▸ EXERCISE DETAILS
In the records below, repeat word for word only the lines starting at the one that contains "Irina Tribukait hat" and ending at the one that contains "pas Любовь моя...", pictures excluded.

▸ INFORMATION GIVEN
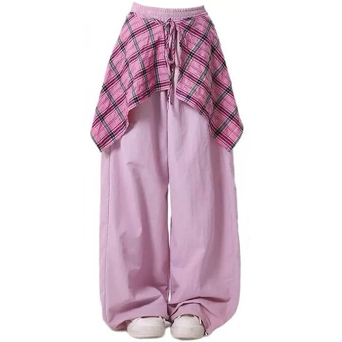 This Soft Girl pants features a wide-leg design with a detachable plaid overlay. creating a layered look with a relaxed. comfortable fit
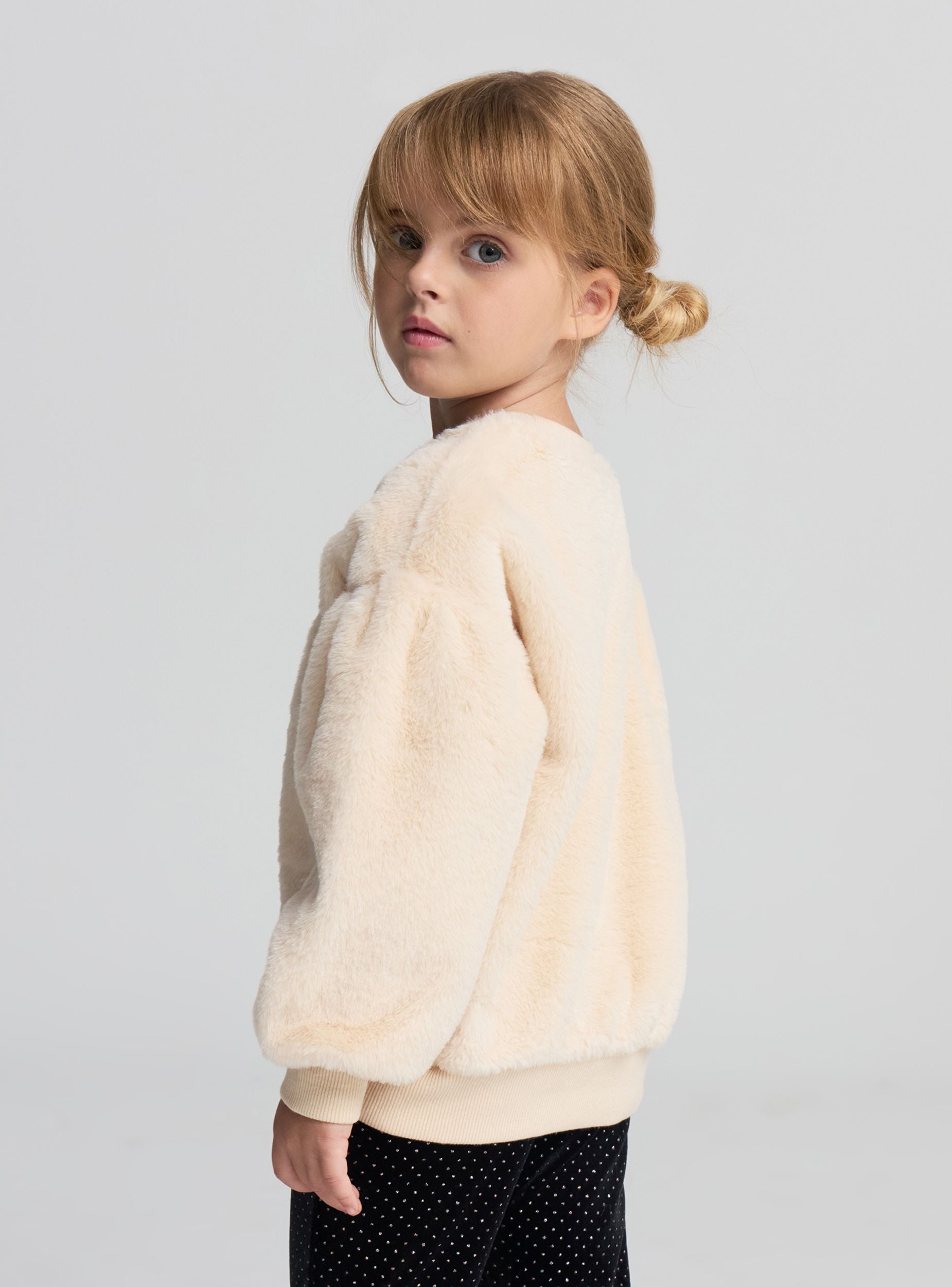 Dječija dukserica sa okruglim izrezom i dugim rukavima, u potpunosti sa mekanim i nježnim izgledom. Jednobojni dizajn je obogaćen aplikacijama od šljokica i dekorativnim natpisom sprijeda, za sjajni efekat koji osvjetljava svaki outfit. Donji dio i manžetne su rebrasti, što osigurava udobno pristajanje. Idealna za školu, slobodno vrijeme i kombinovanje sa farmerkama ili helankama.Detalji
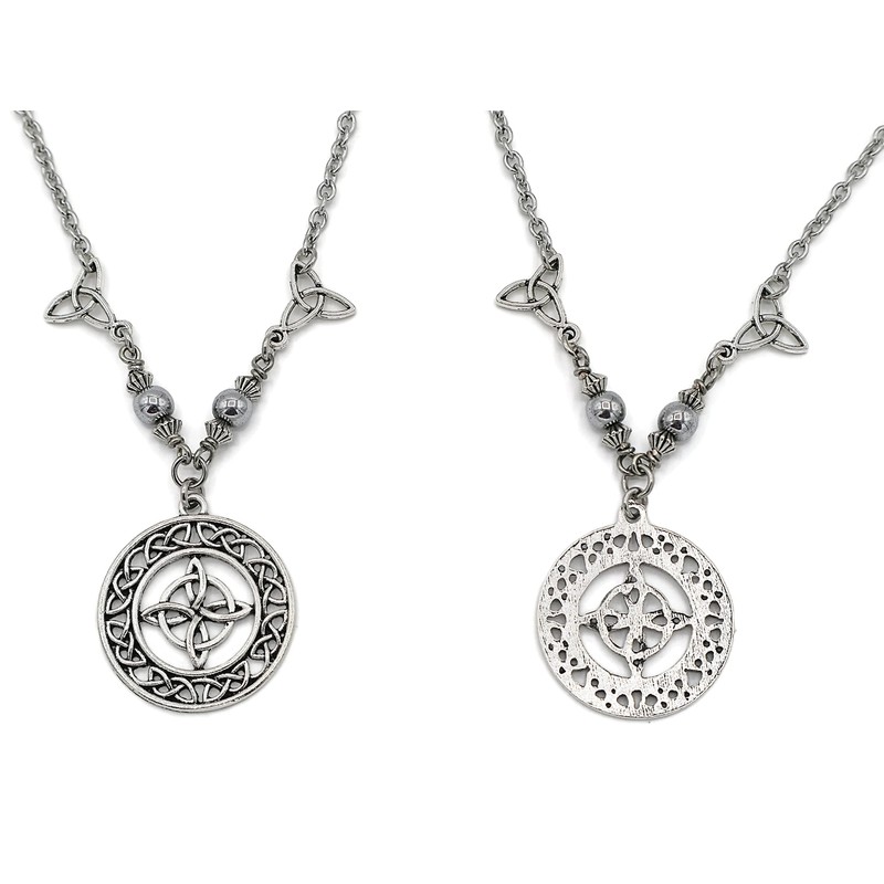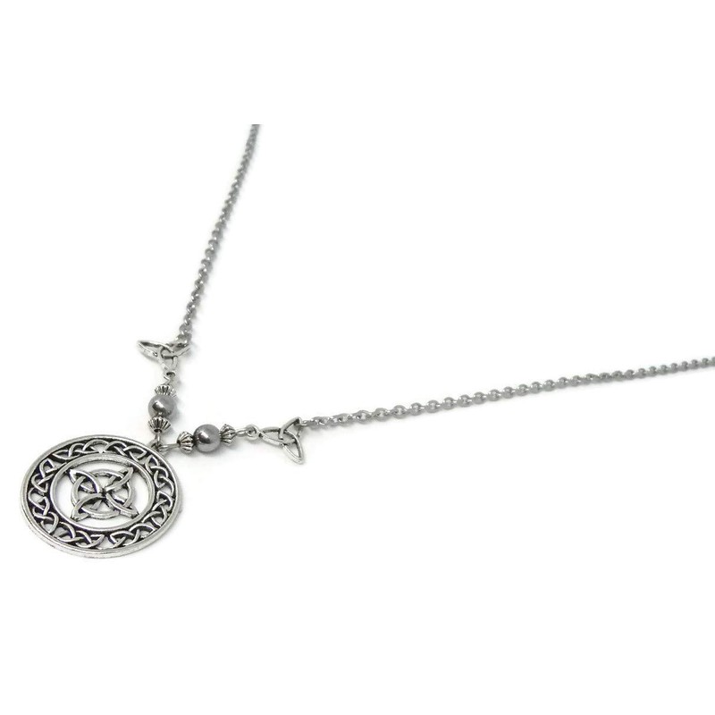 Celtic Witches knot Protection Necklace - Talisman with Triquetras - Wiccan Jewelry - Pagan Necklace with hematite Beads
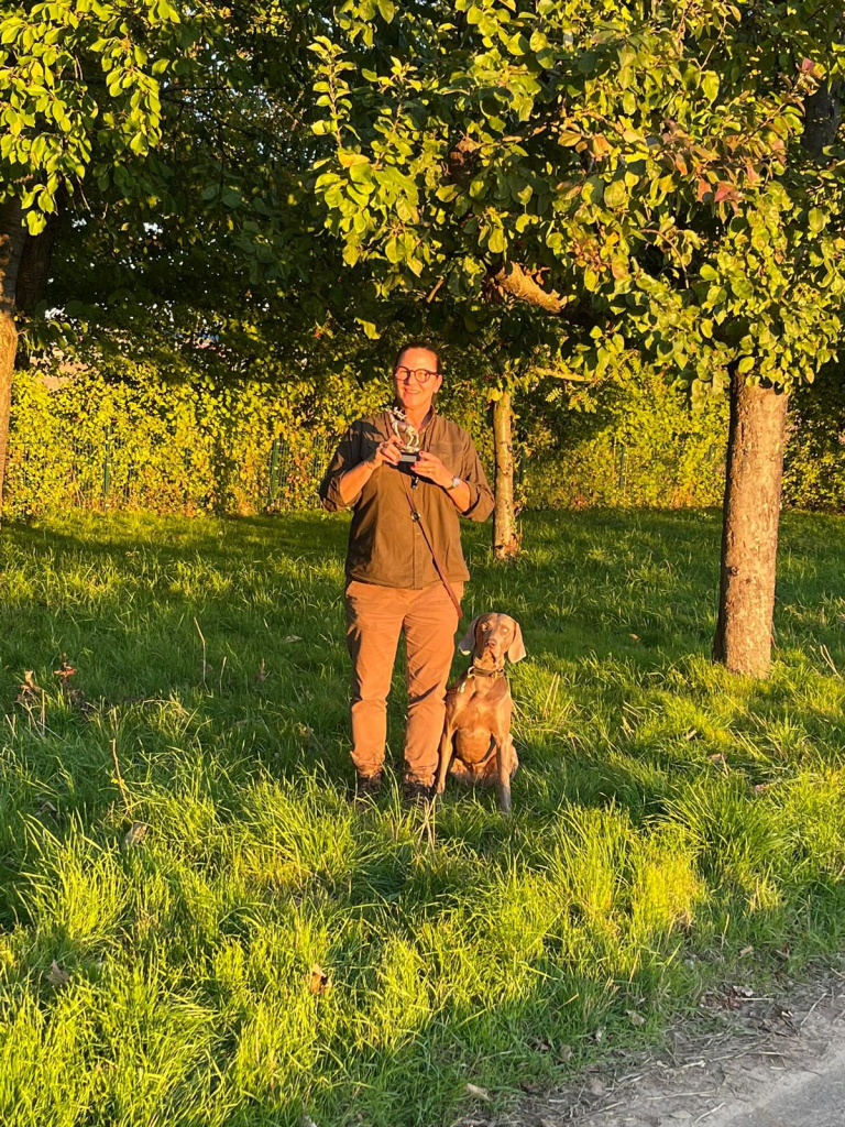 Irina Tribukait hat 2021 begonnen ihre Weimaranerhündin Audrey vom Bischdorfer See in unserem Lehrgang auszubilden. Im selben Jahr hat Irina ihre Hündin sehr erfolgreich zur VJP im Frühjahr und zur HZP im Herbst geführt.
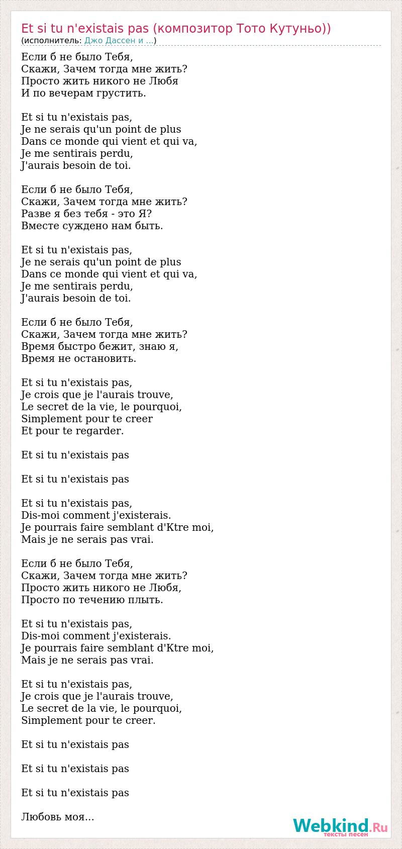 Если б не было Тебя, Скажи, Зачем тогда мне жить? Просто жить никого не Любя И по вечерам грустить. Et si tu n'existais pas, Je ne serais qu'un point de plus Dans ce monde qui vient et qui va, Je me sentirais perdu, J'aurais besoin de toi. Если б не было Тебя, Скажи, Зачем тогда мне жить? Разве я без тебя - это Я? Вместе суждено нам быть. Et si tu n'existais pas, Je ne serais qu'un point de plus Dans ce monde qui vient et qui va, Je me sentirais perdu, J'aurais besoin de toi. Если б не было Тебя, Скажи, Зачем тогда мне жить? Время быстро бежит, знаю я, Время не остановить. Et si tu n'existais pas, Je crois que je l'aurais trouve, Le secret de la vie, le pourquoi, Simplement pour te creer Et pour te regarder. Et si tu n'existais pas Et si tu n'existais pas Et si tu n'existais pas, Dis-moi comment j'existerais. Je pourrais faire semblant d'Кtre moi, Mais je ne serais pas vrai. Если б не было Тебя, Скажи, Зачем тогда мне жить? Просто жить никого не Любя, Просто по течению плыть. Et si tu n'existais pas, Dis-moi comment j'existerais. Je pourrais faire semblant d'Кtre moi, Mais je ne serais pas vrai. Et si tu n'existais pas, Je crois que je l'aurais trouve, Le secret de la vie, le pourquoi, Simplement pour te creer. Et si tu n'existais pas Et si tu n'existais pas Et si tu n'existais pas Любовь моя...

==

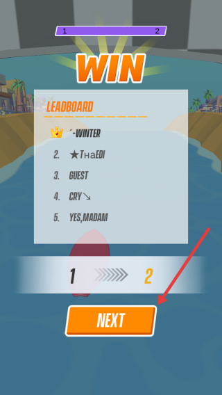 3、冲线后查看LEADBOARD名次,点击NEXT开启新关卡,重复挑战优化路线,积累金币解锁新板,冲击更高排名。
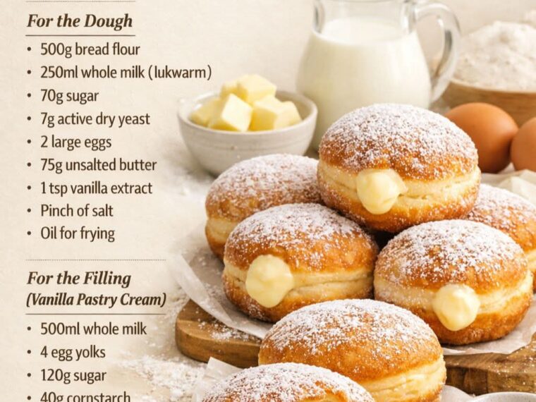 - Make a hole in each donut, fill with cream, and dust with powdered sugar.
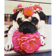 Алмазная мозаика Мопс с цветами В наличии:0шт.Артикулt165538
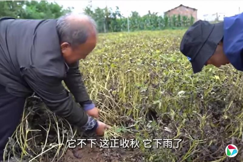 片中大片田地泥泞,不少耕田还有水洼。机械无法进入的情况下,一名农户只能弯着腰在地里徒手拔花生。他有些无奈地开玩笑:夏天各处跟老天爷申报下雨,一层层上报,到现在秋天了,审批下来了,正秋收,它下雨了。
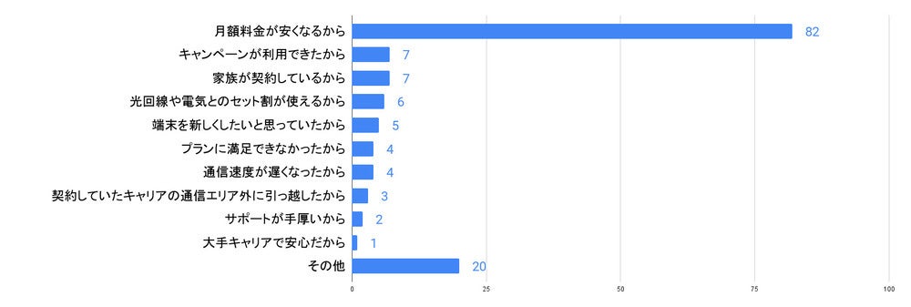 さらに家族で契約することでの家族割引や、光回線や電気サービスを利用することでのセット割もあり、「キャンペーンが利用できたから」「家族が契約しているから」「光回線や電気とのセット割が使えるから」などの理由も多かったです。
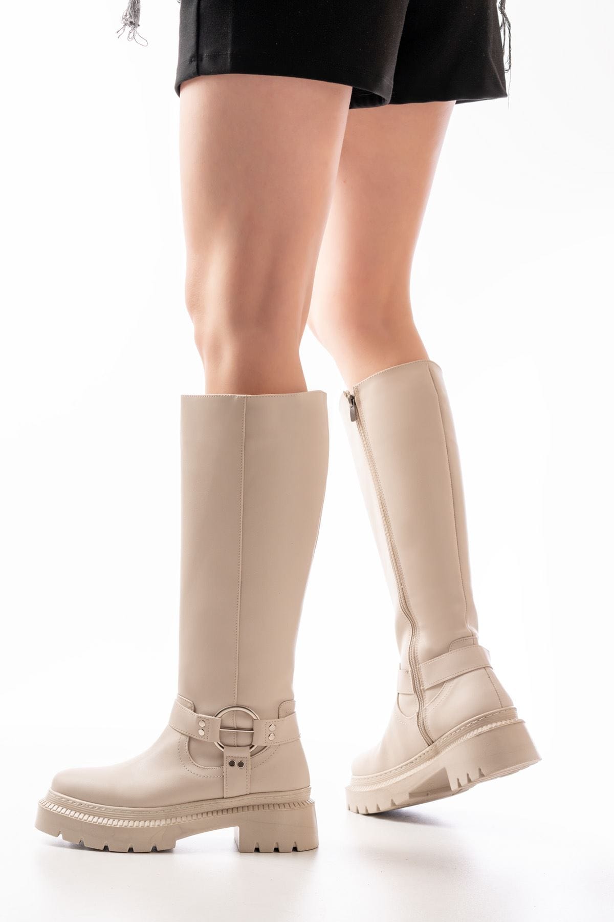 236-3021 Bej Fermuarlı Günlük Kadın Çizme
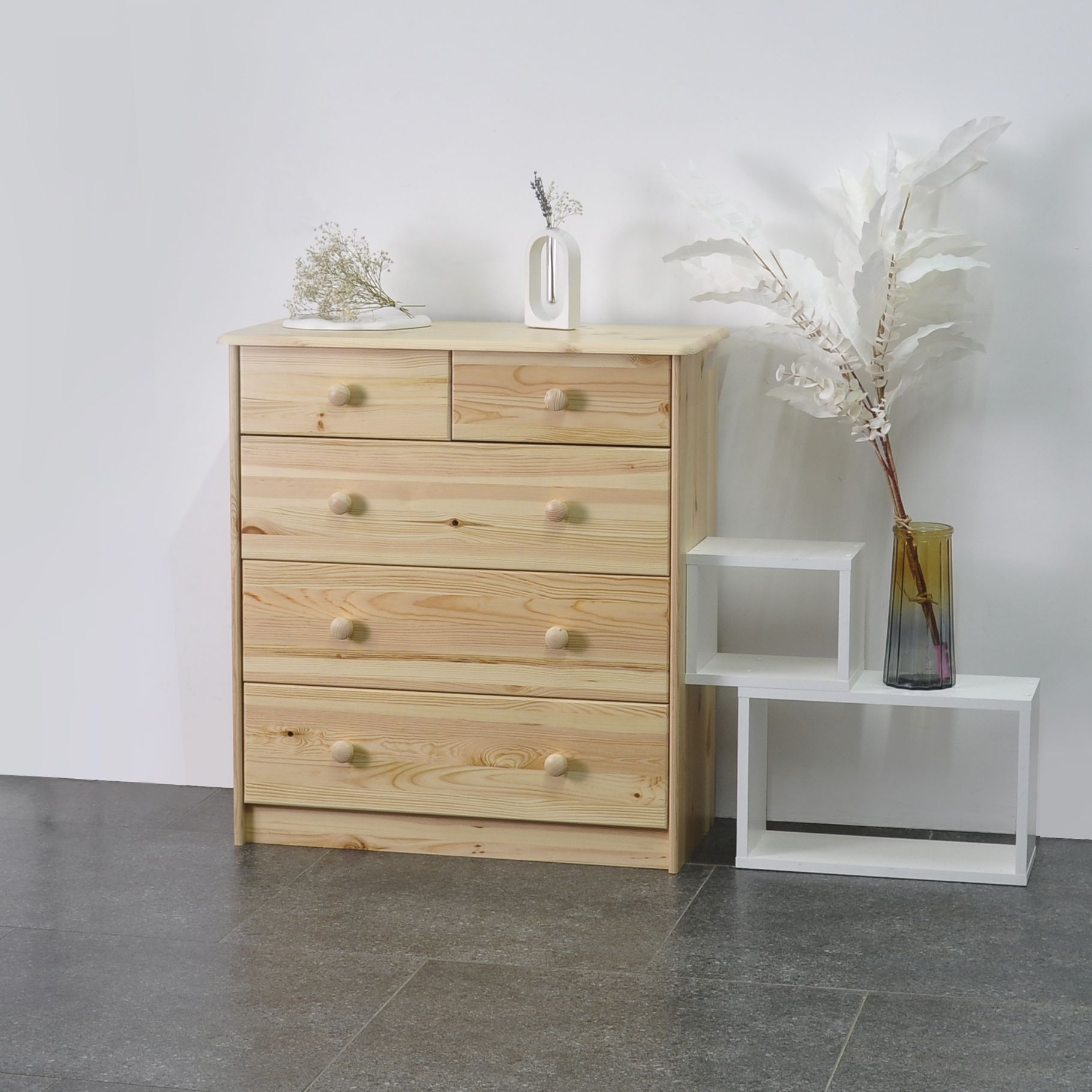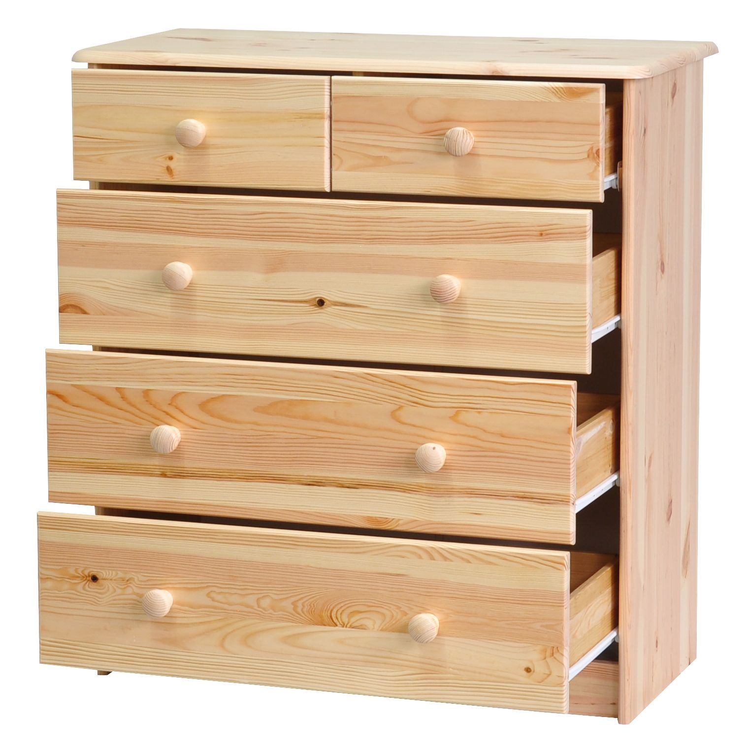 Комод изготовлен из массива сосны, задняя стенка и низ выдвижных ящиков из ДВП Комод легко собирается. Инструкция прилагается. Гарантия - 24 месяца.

--

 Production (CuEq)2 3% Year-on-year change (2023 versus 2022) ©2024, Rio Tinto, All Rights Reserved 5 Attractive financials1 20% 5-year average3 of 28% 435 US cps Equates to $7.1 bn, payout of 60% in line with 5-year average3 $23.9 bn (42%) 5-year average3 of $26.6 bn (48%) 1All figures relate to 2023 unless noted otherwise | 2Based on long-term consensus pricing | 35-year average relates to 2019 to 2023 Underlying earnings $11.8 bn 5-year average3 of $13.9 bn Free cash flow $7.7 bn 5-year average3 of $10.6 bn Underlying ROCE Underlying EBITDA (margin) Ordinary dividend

▸ YOUR SOLUTION
 Irina Tribukait hat 2021 begonnen ihre Weimaranerhündin Audrey vom Bischdorfer See in unserem Lehrgang auszubilden. Im selben Jahr hat Irina ihre Hündin sehr erfolgreich zur VJP im Frühjahr und zur HZP im Herbst geführt.
 Если б не было Тебя, Скажи, Зачем тогда мне жить? Просто жить никого не Любя И по вечерам грустить. Et si tu n'existais pas, Je ne serais qu'un point de plus Dans ce monde qui vient et qui va, Je me sentirais perdu, J'aurais besoin de toi. Если б не было Тебя, Скажи, Зачем тогда мне жить? Разве я без тебя - это Я? Вместе суждено нам быть. Et si tu n'existais pas, Je ne serais qu'un point de plus Dans ce monde qui vient et qui va, Je me sentirais perdu, J'aurais besoin de toi. Если б не было Тебя, Скажи, Зачем тогда мне жить? Время быстро бежит, знаю я, Время не остановить. Et si tu n'existais pas, Je crois que je l'aurais trouve, Le secret de la vie, le pourquoi, Simplement pour te creer Et pour te regarder. Et si tu n'existais pas Et si tu n'existais pas Et si tu n'existais pas, Dis-moi comment j'existerais. Je pourrais faire semblant d'Кtre moi, Mais je ne serais pas vrai. Если б не было Тебя, Скажи, Зачем тогда мне жить? Просто жить никого не Любя, Просто по течению плыть. Et si tu n'existais pas, Dis-moi comment j'existerais. Je pourrais faire semblant d'Кtre moi, Mais je ne serais pas vrai. Et si tu n'existais pas, Je crois que je l'aurais trouve, Le secret de la vie, le pourquoi, Simplement pour te creer. Et si tu n'existais pas Et si tu n'existais pas Et si tu n'existais pas Любовь моя...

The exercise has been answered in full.